Le urine possono dirci molto sulla nostra salute semplicemente osservandole: per il colore, la quantità, o per eventuali caratteristiche diverse dal solito. Imparare a interpretare la propria pipì è semplice ed è anche utile: perché se qualcosa non va ce ne possiamo accorgere in tempo, e questo ci permette di correggere immediatamente comportamenti scorretti o di chiedere aiuto al medico.

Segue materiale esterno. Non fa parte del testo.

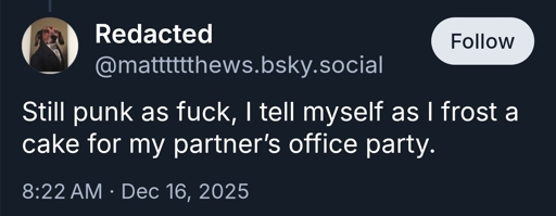 Alt: Screenshot of bluesky post that says "Still punk as fuck, I tell myself as I frost a cake for my partner’s office party. "

Spesso lo diamo per scontato, ma le urine non sono tutte uguali: possono cambiare per colore, trasparenza, odore, e per diverse altre caratteristiche in genere differenti da persona a persona. Caratteristiche che nello stesso individuo possono variare nel tempo, dandoci indizi importanti sullo stato di salute. Non tutte le alterazioni di questo tipo sono associate a patologie: a volte sono cambiamenti fisiologici che si correggono da soli, ad esempio bevendo più acqua.
Colore Normale delle Urine
Le urine in condizioni normali hanno un aspetto limpido e una colorazione che può variare dall’incolore al giallo paglierino. Colori più chiari corrispondono ad un migliore stato di idratazione, mentre colori via via più scuri (arrivando a tonalità simili al miele o all'ambra) significano che non si sta bevendo abbastanza e che quindi le nostre urine sono concentrate.
La disidratazione può aggravare la funzione depurativa dei reni e creare problemi anche alla pressione sanguigna: urine più scure, quindi, sono già il primo segnale che deve invitarci a bere di più per mantenerci in salute.
Urine Scure: Possibili Cause
Le urine scure rappresentano una variazione del normale colore giallo paglierino dell’urina, che può assumere tonalità più intense fino al marrone o all’ambra. Se le urine sono marroni è possibile che la disidratazione sia davvero marcata, oppure che ci sia un problema a livello del fegato o del pancreas. Questo fenomeno può essere temporaneo e benigno, ma talvolta indica la presenza di condizioni mediche che richiedono attenzione.
BIRRA SCURA: può indicare una possibile malattia al fegato o una forte disidratazione.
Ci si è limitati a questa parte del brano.